The differentiation of CD4(+)T cells is a crucial component of the immune response. The spleen and thymus, as immune organs, are closely associated with the differentiation and development of T cells. Previous studies have suggested that BAP31 may play a role in modulating T cell activation, but the specific impact of BAP31 on T cells through macrophages remains uncertain. In this study, we present evidence that BAP31 macrophage conditional knockout (BAP31-MCKO) mice display an enlarged spleen and thymus, accompanied by activated clustering and disrupted differentiation of CD4(+)T cells. In vitro co-culture studies were conducted to investigate the impact of BAP31-MCKO on the activation and differentiation of CD4+T cells. The examination of costimulatory molecule expression in BMDMs and RAW 264.7 cells, based on the endoplasmic reticulum function of BAP31, revealed an increase in the expression of antigen presenting molecules, particularly MHC-II molecule, in the absence of BAP31 in BMDMs or RAW264.7 cells.
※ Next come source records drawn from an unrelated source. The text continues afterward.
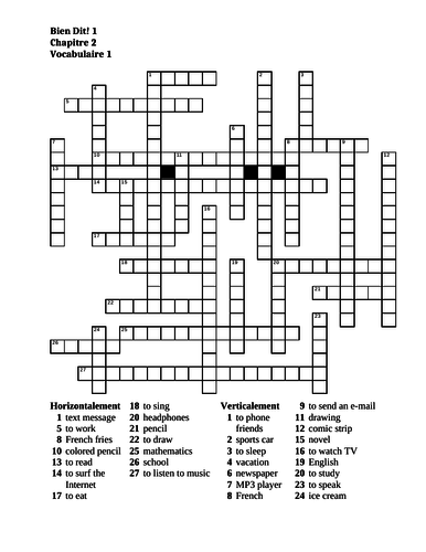 Bien Dit 1 Chapitre 2 Vocabulaire 1 Crossword Teaching Resources
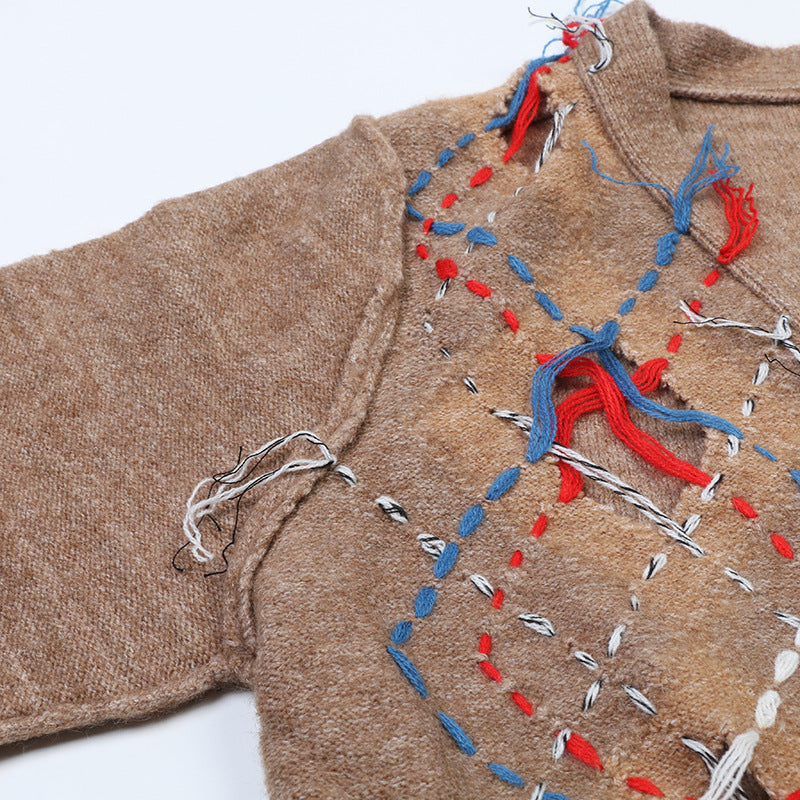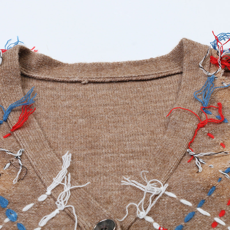 Made with a retro-inspired design. featuring broken holes and a v-neck cut with fringe details. Perfect for adding a touch of vintage to your wardrobe.
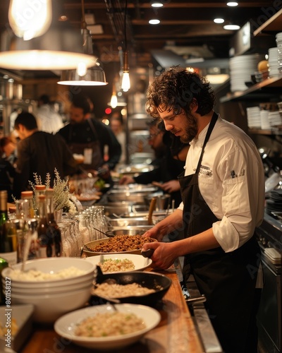 chef, food, eatery, kitchen, cook, person, adult, preparation, uniform, epicure, meal, indoor, man, dinner, cookery, plate, dish, professional, male, horizontal, white, caucasian, salad, occupation, photo, profession, job, working, hotel, adults only, apron, making, standing, color image, catering, hand, healthy, garnish, culinary, skill, expertise, pan, lunch, delicious, service, holding, one person

These findings suggest that BAP31 plays a role in the activation and differentiation of CD4+T cells by regulating the MHC class II molecule on macrophages. These results provide further support for the importance of BAP31 in developing interaction between macrophages and CD4+T cells.

Automated summary

The absence of BAP31 leads to an enlarged spleen and thymus in mice, accompanied by activated clustering and disrupted differentiation of CD4(+)T cells. In vitro co-culture studies show that the loss of BAP31 increases the expression of antigen presenting molecules, particularly MHC-II, on macrophages. These findings suggest that BAP31 regulates the activation and differentiation of CD4+T cells by modulating MHC class II molecule expression on macrophages.